Lifestyle.Lelum.pl > Plotki i gwiazdy > Jacek Łągwa zmagał się z tętniakiem. Zapomniany gwiazdor przypomniał o sobie, pojawił się na Instagramie Michała Wiśniewskiego
Natalia Niewczas
Natalia Niewczas 06.06.2021 09:54

Jacek Łągwa zmagał się z tętniakiem. Zapomniany gwiazdor przypomniał o sobie, pojawił się na Instagramie Michała Wiśniewskiego

Jacek Łągwa (1)
TRICOLORS/East News

Wczoraj Jacek Łągwa przypomniał o sobie w zaskakujący sposób, pojawiając się na Instagramie swojego bardziej aktywnego w sieci kolegi. Nie każdy wie, że przed laty muzyk zmagał się z poważnym problemem natury zdrowotnej. Lekarze znaleźli w płynie mózgowo-rdzeniowym gwiazdora coś, czego zdecydowanie nie powinno tam być.

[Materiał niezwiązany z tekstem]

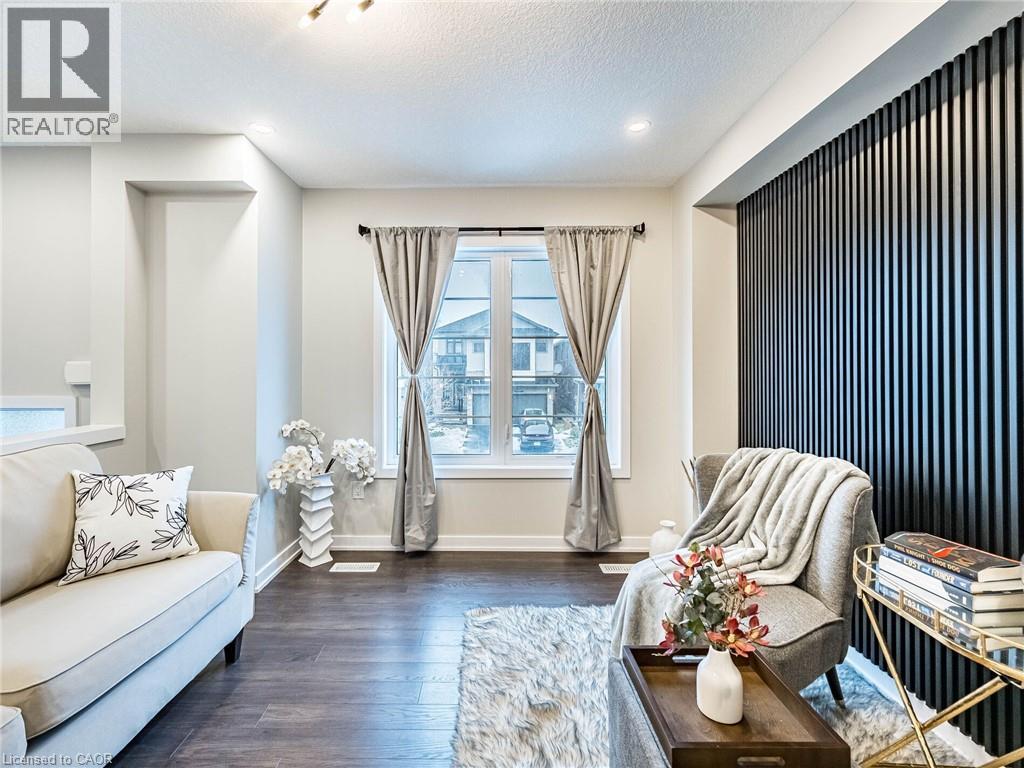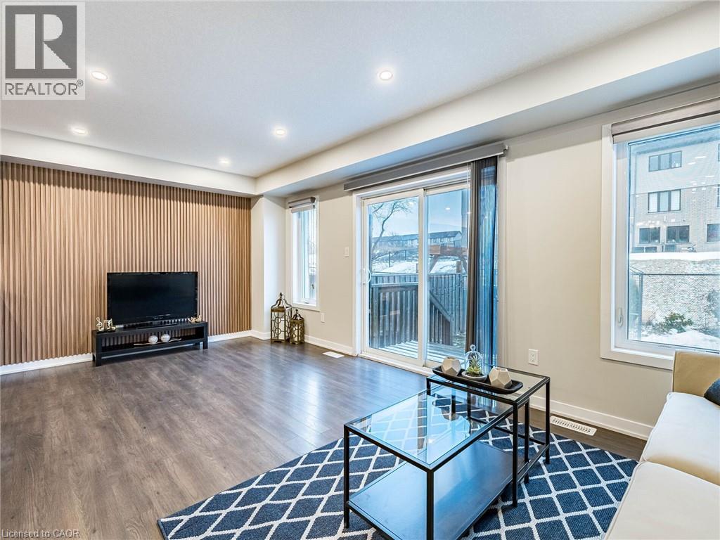 Spectacular this exquisite Freehold Townhouse, crafted by Empire Homes, is nestled in the prestigious Stoney Creek community. Spanning 1744 sqft, this stunning residence boasts 9' ceilings, 3 generously-sized bedrooms, and 3 elegant bathrooms. Step inside and be captivated by the inviting open-concept layout adorned with gleaming hardwood floors on the main level and laminate on the first floor. The spacious family/living room seamlessly flows into a sunlit, upgraded contemporary kitchen featuring stainless steel appliances, an oversized breakfast island, and direct access to a beautifully tiled patio with a gazebo perfect for entertaining guests. The master suite is your personal retreat, offering a spacious walk-in closet and a private ensuite. Enjoy the convenience of bedroom-level laundry and the elegance of upgraded light fixtures throughout. The unfinished basement offers limitless potential for future expansion. Outside, the backyard is ideal for hosting BBQs and outdoor gatherings. The water heater is owned, not rented, adding to the home's convenience and peace of mind. This home is perfectly located near major highways, schools, shopping destinations, the Go Station, golf courses, and more. Plus, it backs onto beautiful trails and waterfalls, providing a serene backdrop for relaxation and outdoor activities. Show with confidence ! (id:64974)
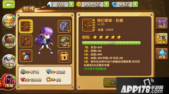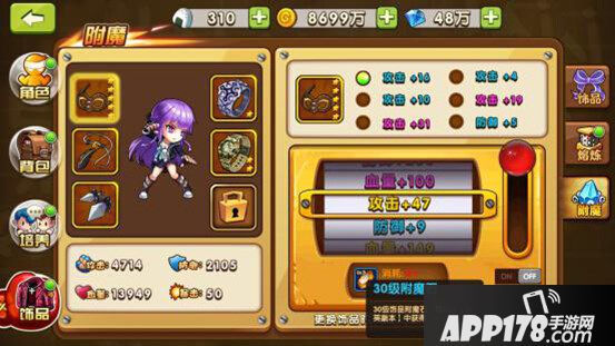 为了加深游戏体验,提高游戏深度,饰品就像装备的进阶,给追求极致的玩家提供了机会。与装备不同,饰品可通过关卡掉落,或“小卖部”里的扭蛋开出,根据主角携带部位分别有眼罩、项链、耳钉、戒指、手腕和背包等6种,它们除了增加一定量的攻击、防御、血量等属性,还可以通过熔炼、附魔来继续追加额外属性。

Jacek Łągwa to muzyk, który od lat pojawia się na scenie z zespołem „Ich Troje” u boku Michała Wiśniewskiego. To właśnie na instagramowym profilu tego celebryty Jacek Łągwa przypomniał o sobie fanom – pojawił się na zdjęciu w towarzystwie popularnego wokalisty. Mało kto zdaje sobie sprawę z tego, że nie tak dawno temu życie Jacka Łągwy wisiało na włosku.

Problemy zdrowotne Jacka Łągwy

Problemy natury zdrowotnej Jacka Łągwy wyszły na jaw w 2008 roku, gdy muzyk był zajęty intensywnym koncertowaniem. Badania nie pozostawiały wątpliwości – w płynie rdzeniowo-mózgowym muzyka pojawiły się ślady krwi.

Niepożądana obecność krwi w tym miejscu oznaczała w przypadku Jacka Łągwy niebezpiecznego dla zdrowia tętniaka. Potwierdziła to dodatkowo tomografia. Lekarze zabronili muzykowi wykonywać jakiekolwiek czynności, które wymagałyby wstawania z pozycji leżącej.

Pozostała część artykułu pod materiałem wideo:


Lekarze znaleźli w płynie rdzeniowo-mózgowym ślady krwi. Zrobili tomografię i okazało się, że mam tętniaka wielkości fasoli. Od razu zabronili mi wstawania z łóżka. Nie mogłem nawet na nim siadać. A wcześniej przez tydzień zupełnie się nie oszczędzałem. Nawet na wódeczkę sobie poszedłem i imprezowałem do szóstej rano. Jak neurochirurdzy o tym usłyszeli, stwierdzili, że nie powinienem tego przeżyć. Powiedzieli, że już po pierwszym ataku powinienem być operowany. A to, że po dużej „bani” jeszcze żyłem, określali jako cud. Mówili, że urwałem się ze stryczka, że jedną nogą byłem po tamtej stronie – relacjonował przed laty w jednym z wywiadów Jacek Łągwa.

Muzykowi szczęśliwie udało się wrócić do zdrowia. Dziś Jacek Łągwa wraz z Michałem Wiśniewskim korzystają z zielonego światła dla artystów i prężnie wracają do organizowania koncertów.